Engineering Internship, Enrichment and Curation

About the Role

Our team is seeking a talented Engineering Intern to join us for 3-6 months and propel our ambitious research in embodied foundation models forward.

We’re a team of Applied Scientists, Machine Learning Engineers, and Software Engineers who strive to expand the horizons of embodied AI beyond simply reacting to perceptual inputs toward reasoning over them to handle even the most complex and rare situations.
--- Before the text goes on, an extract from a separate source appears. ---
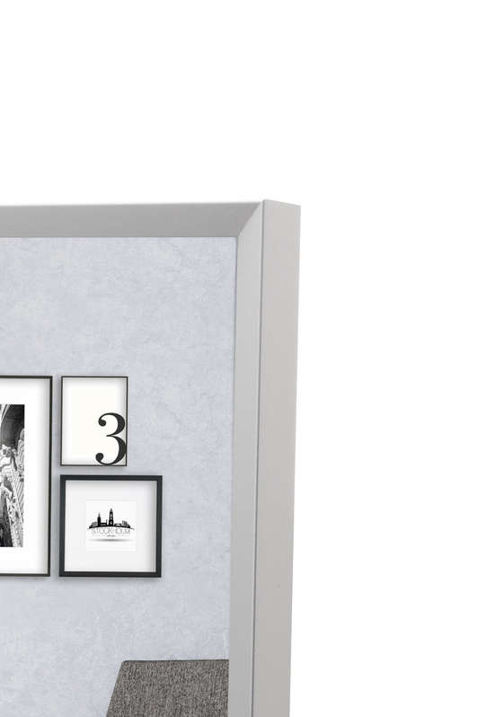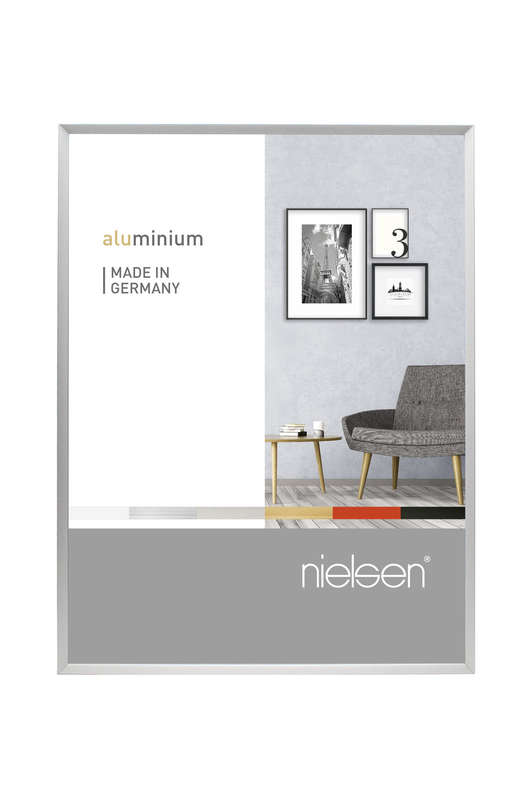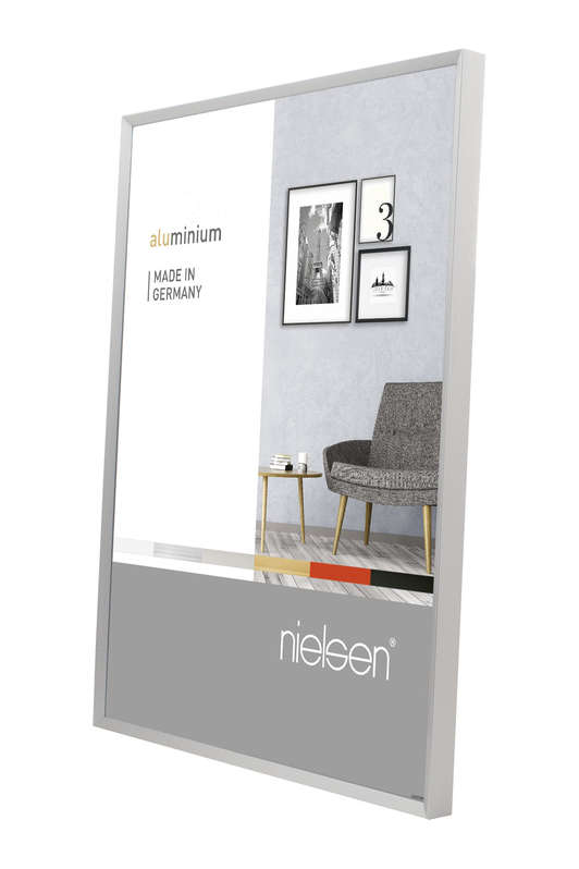 • Slim aluminium picture frame with a 7.5 mm profile that gently angles toward the image, designed and manufactured in Germany.

Our projects encompass some of the hardest problems in AI and require leveraging the latest research, state-of-the-art models, rigorous engineering, and cross-functional collaboration.

In this role, you might:

Work on foundation models for embodied AI, including large-scale pretraining, post-training, leveraging language, or improving reasoning capabilities.
Train models on large-scale multimodal (vision, language, etc.) data efficiently in a multi-node distributed system, and evaluate their performance on open (and closed) datasets/benchmarks.
Curate large multimodal datasets for training and evaluation.
Lead a high-impact research work and publish at a top tier conference (e.g., CVPR, ICCV, CoRL, NeurIPS, CoLM, RSS, ICRA, among others).
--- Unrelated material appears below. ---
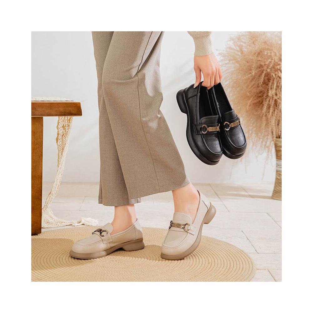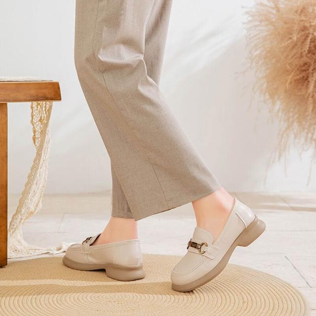 比比購 真皮女鞋2025春季新款一腳蹬軟底樂福鞋牛皮圓頭扣件休閑小皮鞋

You’d be a great match for this role if:

You have previous experience in vision-language models, large language models, natural language processing, especially around reasoning.
You have prior experience in curating training data to steer the behavior of trained models.
You have solid software engineering fundamentals, especially in Python
You have previously used PyTorch or a similar library for deep learning (e.g. Tensorflow, JAX).
Experience with multi-node distributed training of large models.
You are interested in using large-scale multimodal (vision, language, etc.) datasets to improve embodied AI.
You have previous publications in the following conferences (e.g., CVPR, ICCV, CoRL, NeurIPS, CoLM, RSS, ICRA, among others).

Essentials:

You are currently pursuing a graduate degree in a Computer Science, Machine Learning, Robotics, or related technical field.
You are proficient in at least one backend/systems programming language (e.g. Python, Ruby, Java, etc).
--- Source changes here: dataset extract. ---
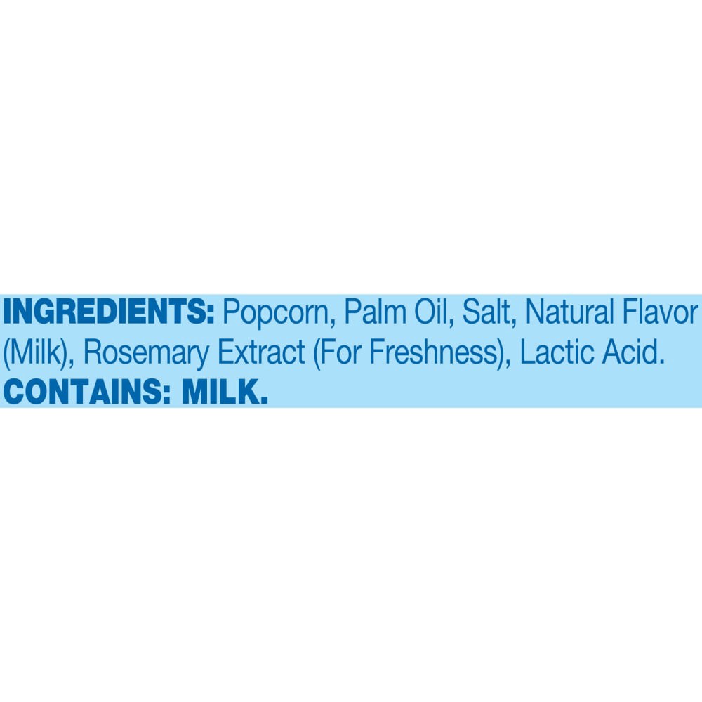 INGREDIENTS: POPCORN, PALM OIL, SALT, NATURAL FLAVOR (MILK), ROSEMARY EXTRACT (FOR FRESHNESS), LACTIC ACID. CONTAINS: MILK

We understand that everyone has a unique set of skills and experiences and that not everyone will meet all of the requirements listed above. If you’re passionate about self-driving cars and think you have what it takes to make a positive impact on the world, we encourage you to apply.

This role is a full-time role based in Sunnyvale, CA (hybrid) and the reasonably estimated hourly rate for this role is $99.76/hour.